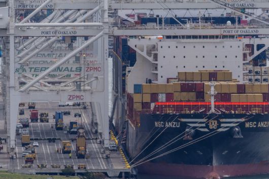 도널드 트럼프 미국 대통령의 ‘관세 전쟁’ 개시로 무역 긴장이 고조되는 가운데 3일(현지시간) 미국 캘리포니아주 오클랜드항에 화물선이 정박해 있다. 로이터연합뉴스 |
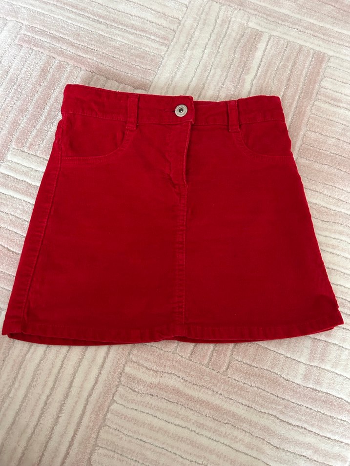 Koyu kırmızı renkli, süet kumaştan yapılmış kız çocuk etek, düğmeli ve dar kesimdir. Düz ve desensiz tasarımıyla sokak modasına uygundur.
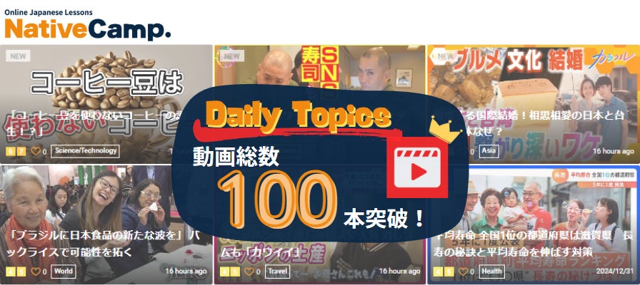 株式会社ネイティブキャンプ(本社:東京都渋谷区、代表取締役社長:谷川国洋)が提供するオンライン日本語会話サービス『Native Camp Japanese』は、このたび日本語学習教材「デイリートピック」の動画総数が100本を突破しましたことをお知らせいたします。
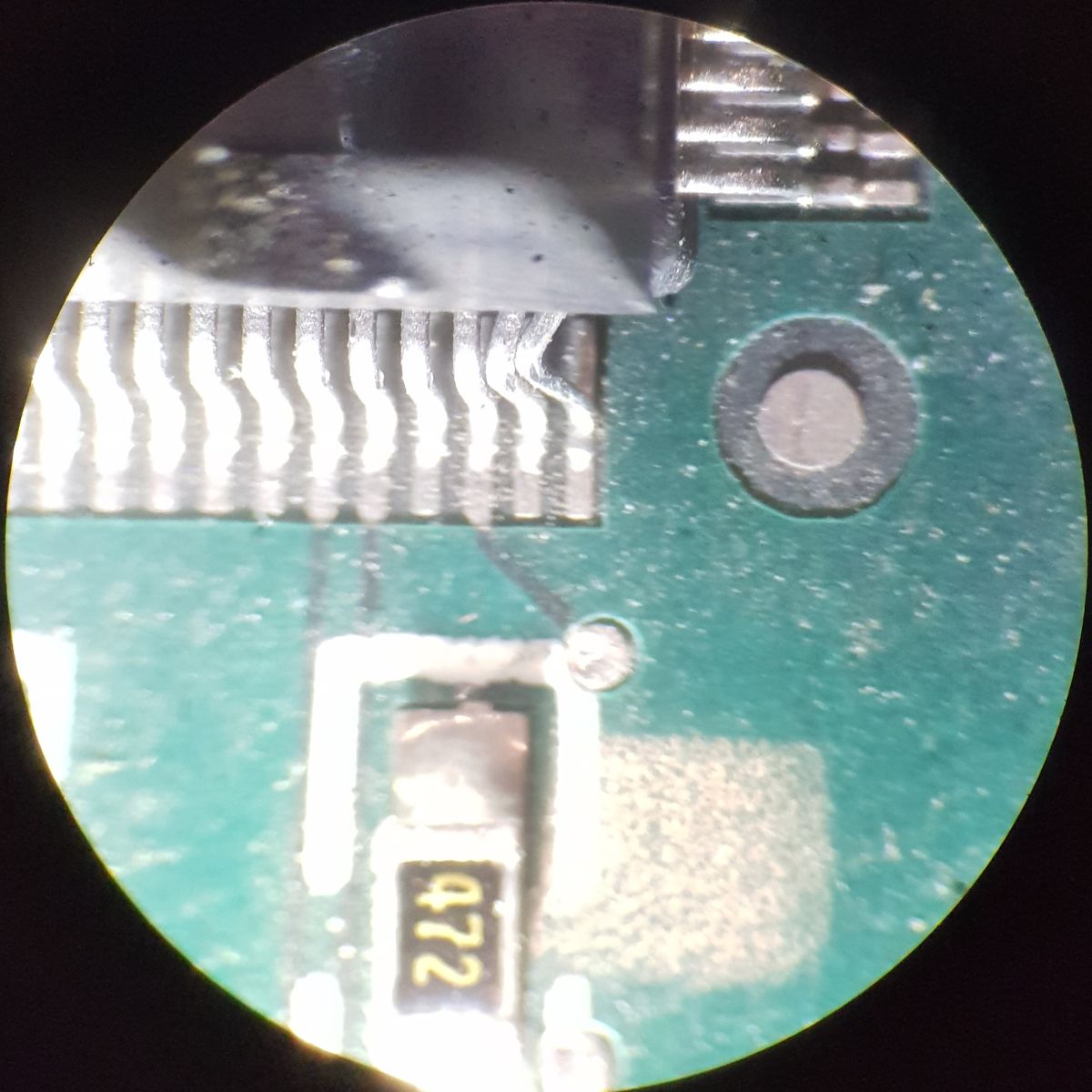 16.02.2026 {Killer Instinct} Midway? Nintendo? Rare? Keine Ahnung, wer sich jetzt für dieses Geschwür aus SMD-Bausteinen verantwortlich zeichnete, aber immerhin ist die Technik der Endzeit der Arcade-Ära ziemlich überschaubar. Sauber getrennte Blöcke aus Sound-DSP und Sound RAM/ROM, sowie Game-RAM und ein kleines Boot-EPROM sind klar zu identifizieren. Das eigentliche Spiel versteckt sich auf einer Festplatte und weil die nicht ewig hält, hier eben auf einer CF-Karte. Toll. Altera MAX 7000 PLDs, soweit das Auge reicht. Die moderne Form der Custom-Chips. Wenn die defekt sind oder ihre Programmierung (EEPROM) vergessen haben, dann war's das. Für den Ton: ADSP-2105-die günstige Variante der Analog Devices DSPs. Darunter befindet sich die zugehörige RAM-Speicherbank mit 16 Stück M628032 (32kx8) mit beeindruckenden 20ns Zugriffszeit. Für Spiel und Video: 16 Stück MT4C4001J dynamische RAMs 1Mx4 mit 60ns Zugriffszeit. Der Hauptprozessor befindet sich unter dem Kühlkörper: laut MAME eine MIPS 4600-based CPU. Die originale Festplatte wurde durch eine Compactflashkarte ersetzt. IDE ist halt IDE... Das Spiel startet nicht. Ein schmaler blauer Streifen baut sich immer wieder auf. Laut Netzfund deutet das auf defekte RAMs hin. Aber wie soll man die finden? Ich bin gespannt, ob ich an so einem modernen Teil etwas ausrichten kann. Erst mal die Pegel an den dynamischen RAMs testen, vielleicht hat ja auch einer der Bustreiber / Latches einen Schuss... Auf Druck oder Biegen der Platine verändert sich auf jeden Fall nichts, das macht eine kalte Lötstelle unwahrscheinlich. {Fehlersuche} Eine genaue Durchsicht mit dem Mikroskop erweckt Hoffnungen: Die ein paar Minuten später wieder enttäuscht werden - es ändert sich nichts. Entweder war es kein guter Kurzschluss oder er war nicht relevant. Die RAM-Bank am DSP heizt gut aber gleichmäßig. Die PLDs sind auch nicht auffällig. Die Main-CPU hat ihren Kühlkörper nötig. Aber auch hier gibt es keine offensichtlichen Auffälligkeiten. Die Bustreiber/Latches sind auch unauffällig, der linke untere Baustein ist ein anderer Typ, deswegen weniger warm... Die Programm-RAMs werden überhaupt nicht warm. Daten- und Adressbussignale sind alle unauffällig. Zur Kontrolle habe ich mal das Boot-ROM neu gebrannt (Any-IDE) - man weiß ja nie. Aber die EPROMs unterscheiden sich nicht und es funktioniert trotzdem nicht. Es bleibt mir wohl nichts anderes übrig, als passende RAM-Bausteine zu besorgen und diese Stück für Stück zu ersetzen... {RAM-Tausch extrem} Der endlose Aufbau eines blauen Balkens könnte ein RAM-Fehler sein - was liegt näher, als die RAMs zu tauschen? Auch wenn ich noch keinen Ersatz zur Hand habe, die alten RAMs können schon mal raus! Hierzu decke ich die übrigen Komponenten sorgfältig mit Alufolie ab, man will die alten Teile ja nicht unnötig stressen! Mit etwas Geduld und moderatem Luftstrom geht das ganz fix mit dem Heißluftfön. Die freien Pads werden mit viel Flussmittel und frischem Zinn für die Wiederaufnahme vorbereitet. Die Spenderriegel sind gekommen. Man bekommt zwar die RAMs nicht mehr - auf diversen PC-Speicherriegeln sind sie aber massenhaft verbaut. Ich habe gleich mal zwei geordert - man weiß ja nie... Der Heißluftfön hilft auch hier. Dank der geringen Platinenfläche geht das auch ganz fix und schonend. Auflöten möchte ich die RAMs nicht mit dem Fön, weil ich Sorge habe, dass der Luftstrom mir alles durcheinanderwirbelt. Deswegen habe ich mir mal fix meine Wekzeugausrüstung aufgestockt: eine Heizplatte für SMD. Mal am Spenderriegel testen: Flussmittel satt... Sauber verzinnen... Und einfach auflegen. Einige Sekunden später fließt das Zinn und der Baustein zieht sich in Position. Etwas Druck mit der Pinzettenspitze verbindet alle Lötstellen einwandfrei. Das war ja einfach. Dann probieren wir das mal mit der Killer-Instinct. Die Lötpads sind vorbereitet. Die Platine wird so gestützt, dass sie plan auf der Platte aufliegt. Es ist eine üble Arbeit, die Speicherchips so aufzulegen, dass sie nicht wegrutschen. Lötpaste wäre hier besser, die pappt gut. Aber leider habe ich keine zur Hand. 2 Minuten später ist alles aufgeschmolzen, der eine oder andere Baustein muss noch nachkorrigiert werden. Das Resultat ist gut aber nicht perfekt. Weil die Bausteine so eng beieinandersitzen, sieht man nichts. Das nachträgliche Durchklingeln der Verbindungen entdeckt drei offene Lötstellen, die ich mit der feinen Lötspitze nachbessern muss. Kontrolle ist hier also unabdingbar. Und letztendlich kam es auch noch zu einer kleinen Delamination der Leiterplatte - vielleicht sind die 260°C doch schon zu heiß gewählt. Egal: nachdem alles verbunden ist, läuft die Platine immer noch nicht. Jetzt messe ich jedes einzelne Signal durch. Alle Daten- und Adressleitunge enden an den entprechenden Treibern. RAS tackert so vor sich hin, aber CAS fehlt bei einer RAM-Gruppe. Das kann natürlich nicht funktionieren! Am Treibereingang des 74FCT162244 liegt es noch an... Also sind vermutlich die RAMs in Ordnung gewesen... Ohne CAS gibt es keine Adressierung. Die 16-Bit Driver sind übel. Selten und klein... Und die Impulsbreiten liegen unter 50ns... Ich weiß schon, warum mir ganz alte Technik lieber ist - man hat einfach mehr Platz! Ein 74FCT162244 in SSOP ist bereits bestellt... so etwas habe ich natürlich nicht auf Lager! {Treiber-Tausch} Mouser hat geliefert, genauer gesagt: ein freundlicher Forist aus dem Microcontrollerforum, der die Sammelbestellung organisiert hat! In der großen Verpackung liegt ein kleiner Gurtabschnitt mit zwei noch kleineren Bustreibern. Jetzt will ich es wissen! Die Platine von unten auf 180°C vorgeheizt und von oben mit dem Heißlftfön gefönt - der Baustein ist in wenigen Sekunden herunter. Durch die gezielte Wärme ist die Platine nur recht wenig gestresst, ebenso die umliegenden Bauteile. Die Pads werden sauber geputzt, duch die winzigen Abmessungen kann man hier nicht mit Amateur-Reflow arbeite
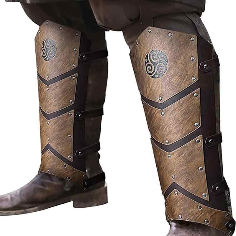 レッグアーマー 大人用 ヴァイキング 中世 ルネサンス時代 レザー製 脚用プロテクター 欧米ファンタジー コスプレ 衣装 イベント 仮装 ブラック ブラウン ダークブラウン
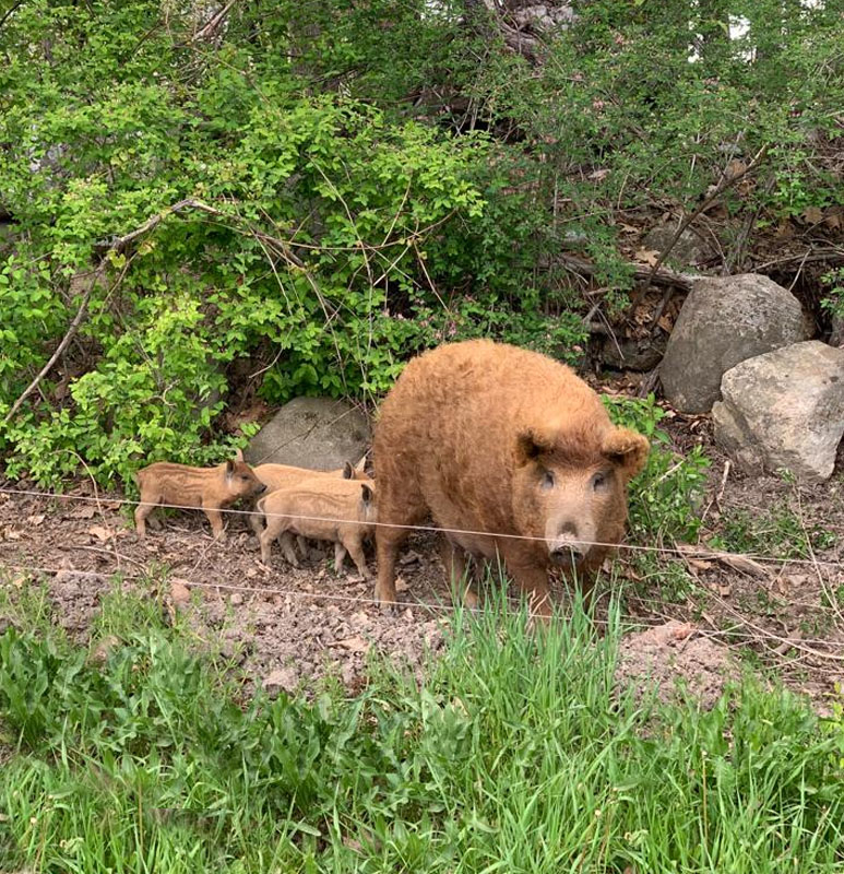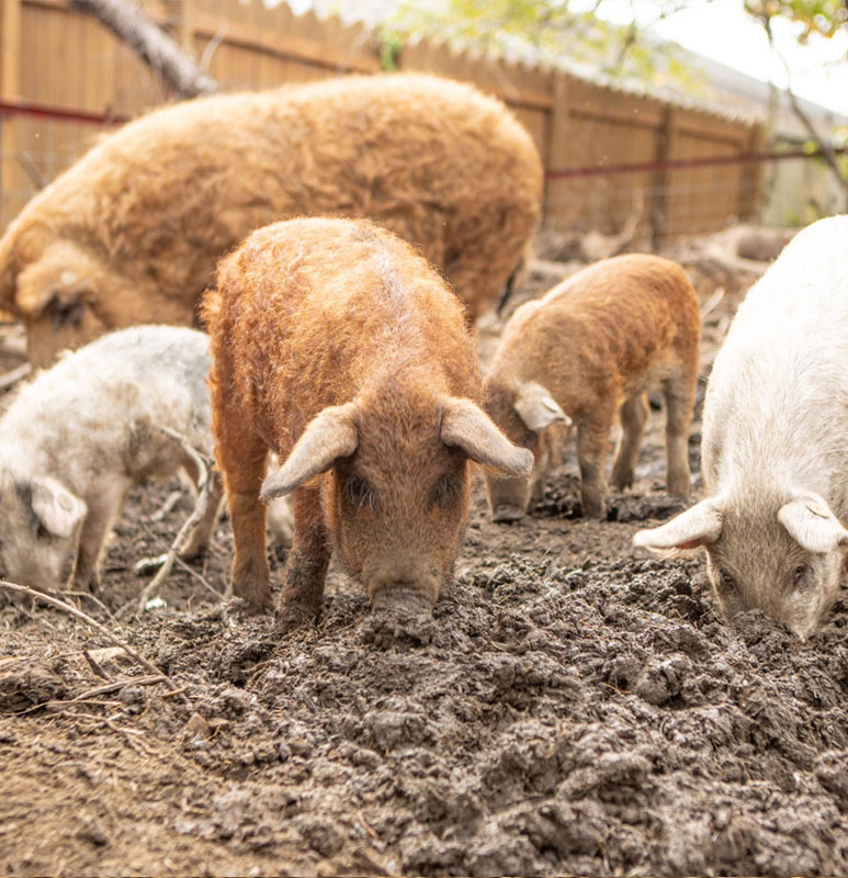 Mangalitsa is a breed of pig originating mainly from Hungary and the Balkans. It belongs to unimproved European pig breeds (such as the Iberian black pig and the Alentejo pig) that are directly descended from wild boar populations.
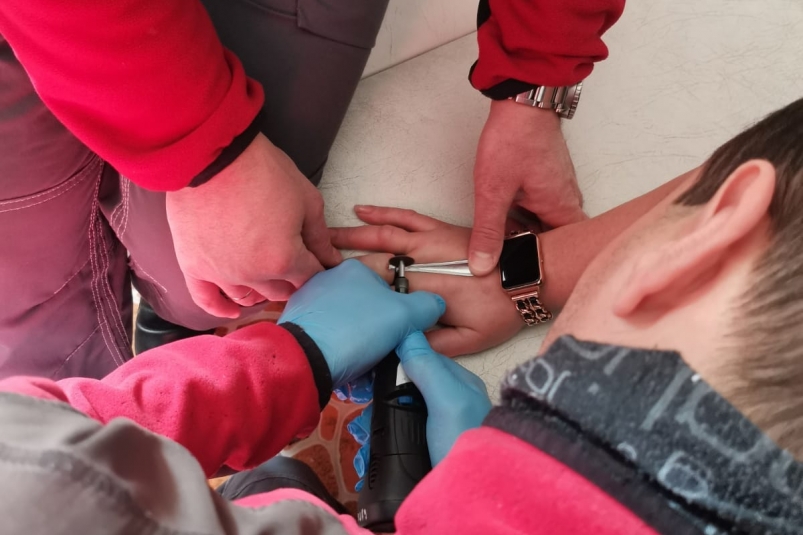 Утром, 24 февраля, в отряд приехала женщина и попросила о помощи. Некоторое время назад она получила травму руки, развился отёк и кольцо, которое она носила не снимая на одном из пальцев, врезалось в кожу. Женщина обратилась в травмпункт, но медики не смогли решить её проблему, и на то были веские причины — требовались навыки владения совсем другими, не медицинскими, инструментами.

YOUR GOAL:
The required output is every line of the data above, set down exactly and stripped of pictures.

EXERCISE OUTPUT:
 도널드 트럼프 미국 대통령의 ‘관세 전쟁’ 개시로 무역 긴장이 고조되는 가운데 3일(현지시간) 미국 캘리포니아주 오클랜드항에 화물선이 정박해 있다. 로이터연합뉴스 |
 Koyu kırmızı renkli, süet kumaştan yapılmış kız çocuk etek, düğmeli ve dar kesimdir. Düz ve desensiz tasarımıyla sokak modasına uygundur.
 株式会社ネイティブキャンプ(本社:東京都渋谷区、代表取締役社長:谷川国洋)が提供するオンライン日本語会話サービス『Native Camp Japanese』は、このたび日本語学習教材「デイリートピック」の動画総数が100本を突破しましたことをお知らせいたします。
 16.02.2026 {Killer Instinct} Midway? Nintendo? Rare? Keine Ahnung, wer sich jetzt für dieses Geschwür aus SMD-Bausteinen verantwortlich zeichnete, aber immerhin ist die Technik der Endzeit der Arcade-Ära ziemlich überschaubar. Sauber getrennte Blöcke aus Sound-DSP und Sound RAM/ROM, sowie Game-RAM und ein kleines Boot-EPROM sind klar zu identifizieren. Das eigentliche Spiel versteckt sich auf einer Festplatte und weil die nicht ewig hält, hier eben auf einer CF-Karte. Toll. Altera MAX 7000 PLDs, soweit das Auge reicht. Die moderne Form der Custom-Chips. Wenn die defekt sind oder ihre Programmierung (EEPROM) vergessen haben, dann war's das. Für den Ton: ADSP-2105-die günstige Variante der Analog Devices DSPs. Darunter befindet sich die zugehörige RAM-Speicherbank mit 16 Stück M628032 (32kx8) mit beeindruckenden 20ns Zugriffszeit. Für Spiel und Video: 16 Stück MT4C4001J dynamische RAMs 1Mx4 mit 60ns Zugriffszeit. Der Hauptprozessor befindet sich unter dem Kühlkörper: laut MAME eine MIPS 4600-based CPU. Die originale Festplatte wurde durch eine Compactflashkarte ersetzt. IDE ist halt IDE... Das Spiel startet nicht. Ein schmaler blauer Streifen baut sich immer wieder auf. Laut Netzfund deutet das auf defekte RAMs hin. Aber wie soll man die finden? Ich bin gespannt, ob ich an so einem modernen Teil etwas ausrichten kann. Erst mal die Pegel an den dynamischen RAMs testen, vielleicht hat ja auch einer der Bustreiber / Latches einen Schuss... Auf Druck oder Biegen der Platine verändert sich auf jeden Fall nichts, das macht eine kalte Lötstelle unwahrscheinlich. {Fehlersuche} Eine genaue Durchsicht mit dem Mikroskop erweckt Hoffnungen: Die ein paar Minuten später wieder enttäuscht werden - es ändert sich nichts. Entweder war es kein guter Kurzschluss oder er war nicht relevant. Die RAM-Bank am DSP heizt gut aber gleichmäßig. Die PLDs sind auch nicht auffällig. Die Main-CPU hat ihren Kühlkörper nötig. Aber auch hier gibt es keine offensichtlichen Auffälligkeiten. Die Bustreiber/Latches sind auch unauffällig, der linke untere Baustein ist ein anderer Typ, deswegen weniger warm... Die Programm-RAMs werden überhaupt nicht warm. Daten- und Adressbussignale sind alle unauffällig. Zur Kontrolle habe ich mal das Boot-ROM neu gebrannt (Any-IDE) - man weiß ja nie. Aber die EPROMs unterscheiden sich nicht und es funktioniert trotzdem nicht. Es bleibt mir wohl nichts anderes übrig, als passende RAM-Bausteine zu besorgen und diese Stück für Stück zu ersetzen... {RAM-Tausch extrem} Der endlose Aufbau eines blauen Balkens könnte ein RAM-Fehler sein - was liegt näher, als die RAMs zu tauschen? Auch wenn ich noch keinen Ersatz zur Hand habe, die alten RAMs können schon mal raus! Hierzu decke ich die übrigen Komponenten sorgfältig mit Alufolie ab, man will die alten Teile ja nicht unnötig stressen! Mit etwas Geduld und moderatem Luftstrom geht das ganz fix mit dem Heißluftfön. Die freien Pads werden mit viel Flussmittel und frischem Zinn für die Wiederaufnahme vorbereitet. Die Spenderriegel sind gekommen. Man bekommt zwar die RAMs nicht mehr - auf diversen PC-Speicherriegeln sind sie aber massenhaft verbaut. Ich habe gleich mal zwei geordert - man weiß ja nie... Der Heißluftfön hilft auch hier. Dank der geringen Platinenfläche geht das auch ganz fix und schonend. Auflöten möchte ich die RAMs nicht mit dem Fön, weil ich Sorge habe, dass der Luftstrom mir alles durcheinanderwirbelt. Deswegen habe ich mir mal fix meine Wekzeugausrüstung aufgestockt: eine Heizplatte für SMD. Mal am Spenderriegel testen: Flussmittel satt... Sauber verzinnen... Und einfach auflegen. Einige Sekunden später fließt das Zinn und der Baustein zieht sich in Position. Etwas Druck mit der Pinzettenspitze verbindet alle Lötstellen einwandfrei. Das war ja einfach. Dann probieren wir das mal mit der Killer-Instinct. Die Lötpads sind vorbereitet. Die Platine wird so gestützt, dass sie plan auf der Platte aufliegt. Es ist eine üble Arbeit, die Speicherchips so aufzulegen, dass sie nicht wegrutschen. Lötpaste wäre hier besser, die pappt gut. Aber leider habe ich keine zur Hand. 2 Minuten später ist alles aufgeschmolzen, der eine oder andere Baustein muss noch nachkorrigiert werden. Das Resultat ist gut aber nicht perfekt. Weil die Bausteine so eng beieinandersitzen, sieht man nichts. Das nachträgliche Durchklingeln der Verbindungen entdeckt drei offene Lötstellen, die ich mit der feinen Lötspitze nachbessern muss. Kontrolle ist hier also unabdingbar. Und letztendlich kam es auch noch zu einer kleinen Delamination der Leiterplatte - vielleicht sind die 260°C doch schon zu heiß gewählt. Egal: nachdem alles verbunden ist, läuft die Platine immer noch nicht. Jetzt messe ich jedes einzelne Signal durch. Alle Daten- und Adressleitunge enden an den entprechenden Treibern. RAS tackert so vor sich hin, aber CAS fehlt bei einer RAM-Gruppe. Das kann natürlich nicht funktionieren! Am Treibereingang des 74FCT162244 liegt es noch an... Also sind vermutlich die RAMs in Ordnung gewesen... Ohne CAS gibt es keine Adressierung. Die 16-Bit Driver sind übel. Selten und klein... Und die Impulsbreiten liegen unter 50ns... Ich weiß schon, warum mir ganz alte Technik lieber ist - man hat einfach mehr Platz! Ein 74FCT162244 in SSOP ist bereits bestellt... so etwas habe ich natürlich nicht auf Lager! {Treiber-Tausch} Mouser hat geliefert, genauer gesagt: ein freundlicher Forist aus dem Microcontrollerforum, der die Sammelbestellung organisiert hat! In der großen Verpackung liegt ein kleiner Gurtabschnitt mit zwei noch kleineren Bustreibern. Jetzt will ich es wissen! Die Platine von unten auf 180°C vorgeheizt und von oben mit dem Heißlftfön gefönt - der Baustein ist in wenigen Sekunden herunter. Durch die gezielte Wärme ist die Platine nur recht wenig gestresst, ebenso die umliegenden Bauteile. Die Pads werden sauber geputzt, duch die winzigen Abmessungen kann man hier nicht mit Amateur-Reflow arbeite
 レッグアーマー 大人用 ヴァイキング 中世 ルネサンス時代 レザー製 脚用プロテクター 欧米ファンタジー コスプレ 衣装 イベント 仮装 ブラック ブラウン ダークブラウン
 Mangalitsa is a breed of pig originating mainly from Hungary and the Balkans. It belongs to unimproved European pig breeds (such as the Iberian black pig and the Alentejo pig) that are directly descended from wild boar populations.
 Утром, 24 февраля, в отряд приехала женщина и попросила о помощи. Некоторое время назад она получила травму руки, развился отёк и кольцо, которое она носила не снимая на одном из пальцев, врезалось в кожу. Женщина обратилась в травмпункт, но медики не смогли решить её проблему, и на то были веские причины — требовались навыки владения совсем другими, не медицинскими, инструментами.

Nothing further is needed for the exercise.